Even before the events of September 11th, 2001, President Bill Clinton argued in the 1999 national security strategy that weak or failed states represented a clear and present danger with far-reaching ripple effects (e.g., mass migration, famine, disease, violence) affecting regional security and America’s interests (NSS, 1999). This early warning became impossible for U.S. policymakers to ignore after the 2001 terrorist attacks.
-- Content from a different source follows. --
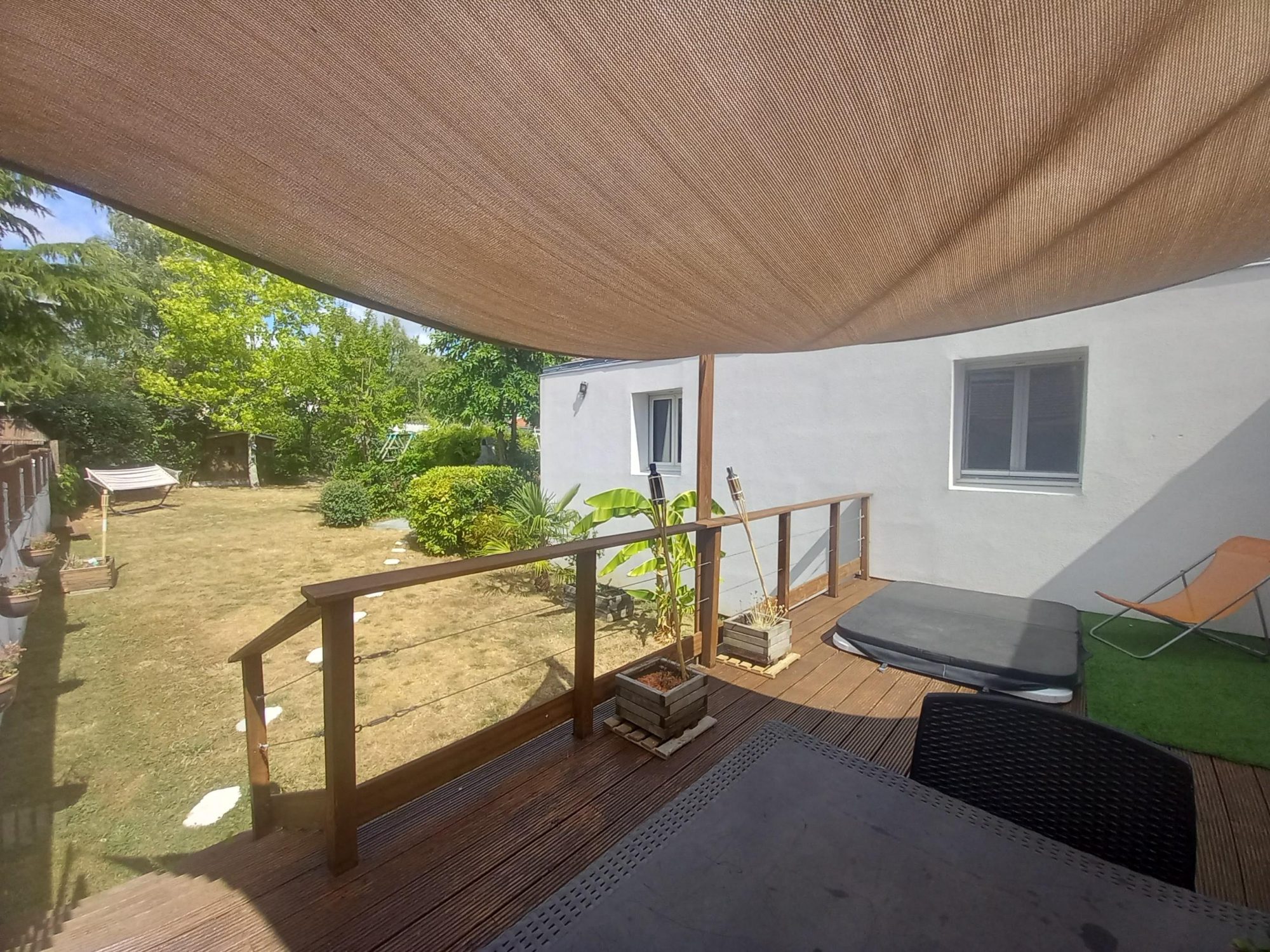 La terrasse intimiste avec jacuzzi est exposée Sud Ouest, cet espace est parfait pour la détente ou les moments en famille ou entre amis!

President George W. Bush’s two national security strategies highlighted weak or failed states as among the top dangers to U.S. national interests because of their susceptibility to “exploitation by terrorists, tyrants, and international criminals” (NSS, 2006). The congressionally-mandated 9/11 Commission reflected a bipartisan consensus that deterring terrorism required more than combatting symptoms but addressing root causes of extremism (e.g., inequality, poverty, isolation) (USIP, 2019). President Barack Obama continued this refrain with different phrasing in his 2015 NSS, viewing “fragile and conflict-affected states” as among the top risks to America’s national interests (NSS, 2015).

By the late 2010s, U.S. policymakers increasingly agreed that fragility was a problem that required not only a reactive but a preventive strategy to resolve (USIP, 2019). However, what to do about it was less clear: a 2016 assessment by the Fragility Study Group underscored this point, saying that “across the USG, there is no clear or shared view of why, how, and when to engage with fragile states” (Burns et al., 2016). Congress agreed, instigating the formation of a “Task Force on Extremism in Fragile States'' in 2017, tasked with defining how the U.S. should help countries build resilience to “resist extremism on their own” (USIP, 2019).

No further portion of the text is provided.